The results permitted the managing of nursing care to be understood as the interface between an assistential dimension and a dimension of organizing human/material resources. In addition to this, it involves action articulating the nursing team and the health team. This is a context of nursing practice marked by facilitative and hindering factors which are inherent to the hospital scenario contextualized in the health system. Thus, the assistential and managerial activities occur in an articulated way, as a practice of the management of care. For some authors, the management of care consists of a wide process, which takes in care actions, administrative actions (whether bureaucratic or not) and educational and research actions, all converging for the benefit of the patient.2-6,11

In summary, management centered on and for the patient results in the convergence of caring/managing. It is not possible to consider the management of care in an idealized and theoretical form; it is something in a continuous process of construction and re-construction, the focus of hospital nursing work. The observation of the care, linked to the nurses' accounts, evidences aspects about the 'doings', which explain the assistential and managerial actions of nursing carried out by the nurse in the ambit of the emergency trauma unit. The practice of the nurse in the trauma room is distanced from the conception of bureaucratic management, and is close to the perspective of management of care which articulates the work's assistential and managerial dimensions, indissociable dimensions of the nurse's work, with peculiarities which have integral care to the patient as the focus of the actions.
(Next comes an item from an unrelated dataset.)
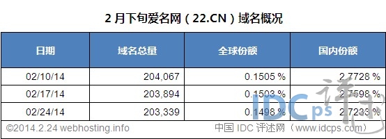 爱名网域名2月下旬净减728个,国内市场份额降至2.7238%
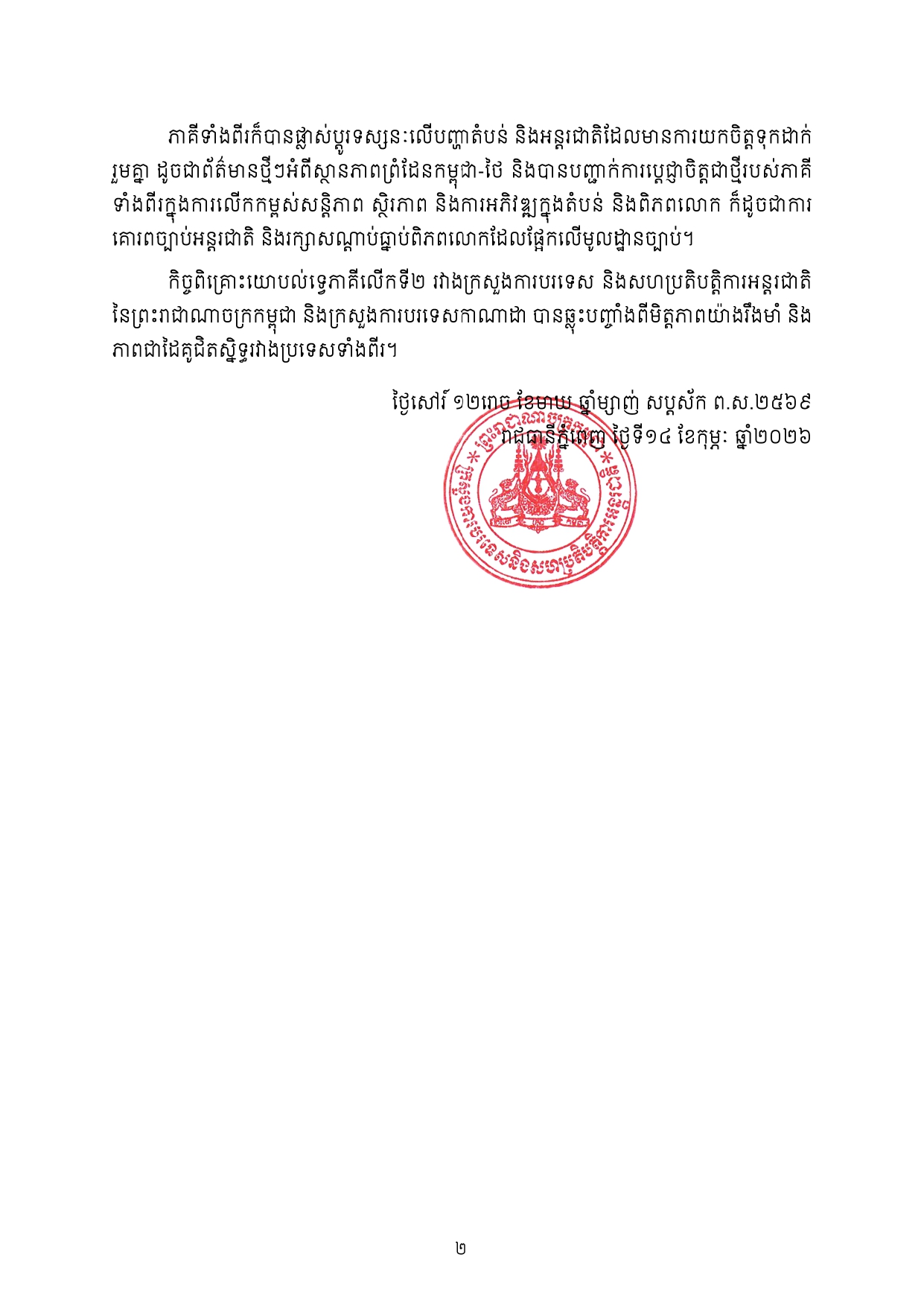 ក្រសួងការបទេសកម្ពុជាបានលើកឡើងថា នៅថ្ងៃទី១២ ខែកុម្ភៈ ឆ្នាំ២០២៦ ឯកឧត្តម មាស គឹមហេង រដ្ឋលេខាធិការនៃក្រសួងការបរទេស និងសហប្រតិបត្តិការអន្តរជាតិនៃព្រះរាជាណាចក្រកម្ពុជា និងឯកឧត្តម អាឡិន បូមែន អគ្គនាយកទទួលបន្ទុកកិច្ចការអាស៊ីអាគ្នេយ៍ និងអូសេអានីនៃក្រសួងការបរទេសកាណាដា បានអញ្ជើញធ្វើជាសហប្រធាននៃកិច្ចពិគ្រោះយោបល់ទ្វេភាគីកម្ពុជា-កាណាដាលើកទី២ ប្រកបដោយជោគជ័យនៅរាជធានីភ្នំពេញ ។

As a limitation of the study, the authors note that it does not cover the monitoring of the patients throughout the whole of their stay in the trauma room, which as a characteristic of the service is above that recommended in the literature. The limitations are related to the need for a wider delimitation of the object; in this sense they instigate further research. The authors present an updated focus on the issue of the professional practice of the nurse in hospital services attending traumatic injuries, without, however, exhausting the possible approaches focusing on the issue. The authors believe that there is still much to explore, considering the contemporaneity of the traumatic injuries and of the dimension of management of care in the work of the nurse.